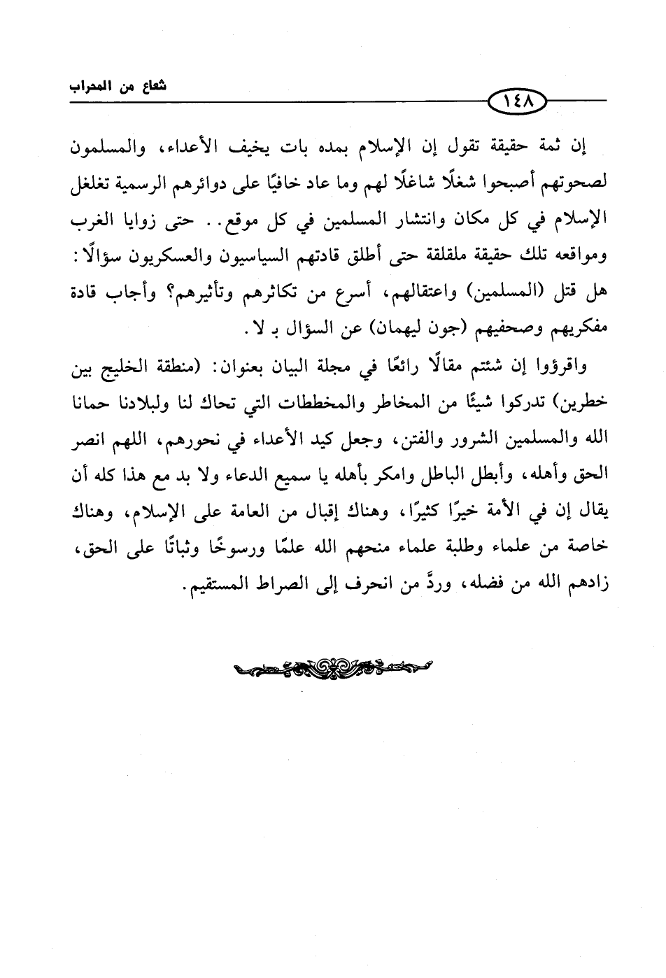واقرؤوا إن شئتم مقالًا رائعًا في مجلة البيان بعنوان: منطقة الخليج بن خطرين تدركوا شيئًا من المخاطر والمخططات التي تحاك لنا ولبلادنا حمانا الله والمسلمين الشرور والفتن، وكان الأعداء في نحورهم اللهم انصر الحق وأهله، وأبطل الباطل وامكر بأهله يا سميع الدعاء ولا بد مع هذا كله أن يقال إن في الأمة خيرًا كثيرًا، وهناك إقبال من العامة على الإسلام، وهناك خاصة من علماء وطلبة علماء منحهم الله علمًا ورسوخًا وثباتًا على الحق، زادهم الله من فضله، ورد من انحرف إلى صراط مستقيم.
==
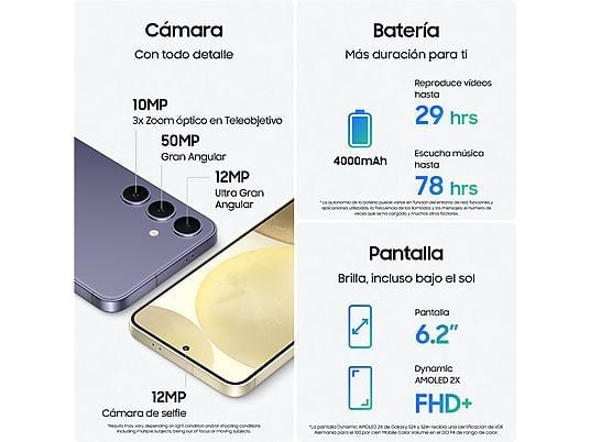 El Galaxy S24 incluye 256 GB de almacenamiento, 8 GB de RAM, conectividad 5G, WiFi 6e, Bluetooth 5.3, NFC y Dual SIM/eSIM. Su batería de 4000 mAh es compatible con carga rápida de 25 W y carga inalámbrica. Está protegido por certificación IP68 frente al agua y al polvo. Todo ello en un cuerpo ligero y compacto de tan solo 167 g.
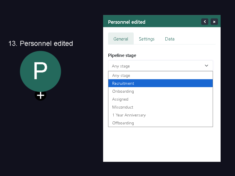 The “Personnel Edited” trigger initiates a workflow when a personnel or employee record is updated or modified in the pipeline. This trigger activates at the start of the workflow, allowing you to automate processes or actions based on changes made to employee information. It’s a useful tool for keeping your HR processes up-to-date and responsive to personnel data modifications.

**Problem requirements:** Using the entries above, transcribe every line from the line containing "El Galaxy S24" through the line containing "personnel data modifications.". Do not copy pictures.

**Answer for this exercise:**
 El Galaxy S24 incluye 256 GB de almacenamiento, 8 GB de RAM, conectividad 5G, WiFi 6e, Bluetooth 5.3, NFC y Dual SIM/eSIM. Su batería de 4000 mAh es compatible con carga rápida de 25 W y carga inalámbrica. Está protegido por certificación IP68 frente al agua y al polvo. Todo ello en un cuerpo ligero y compacto de tan solo 167 g.
 The “Personnel Edited” trigger initiates a workflow when a personnel or employee record is updated or modified in the pipeline. This trigger activates at the start of the workflow, allowing you to automate processes or actions based on changes made to employee information. It’s a useful tool for keeping your HR processes up-to-date and responsive to personnel data modifications.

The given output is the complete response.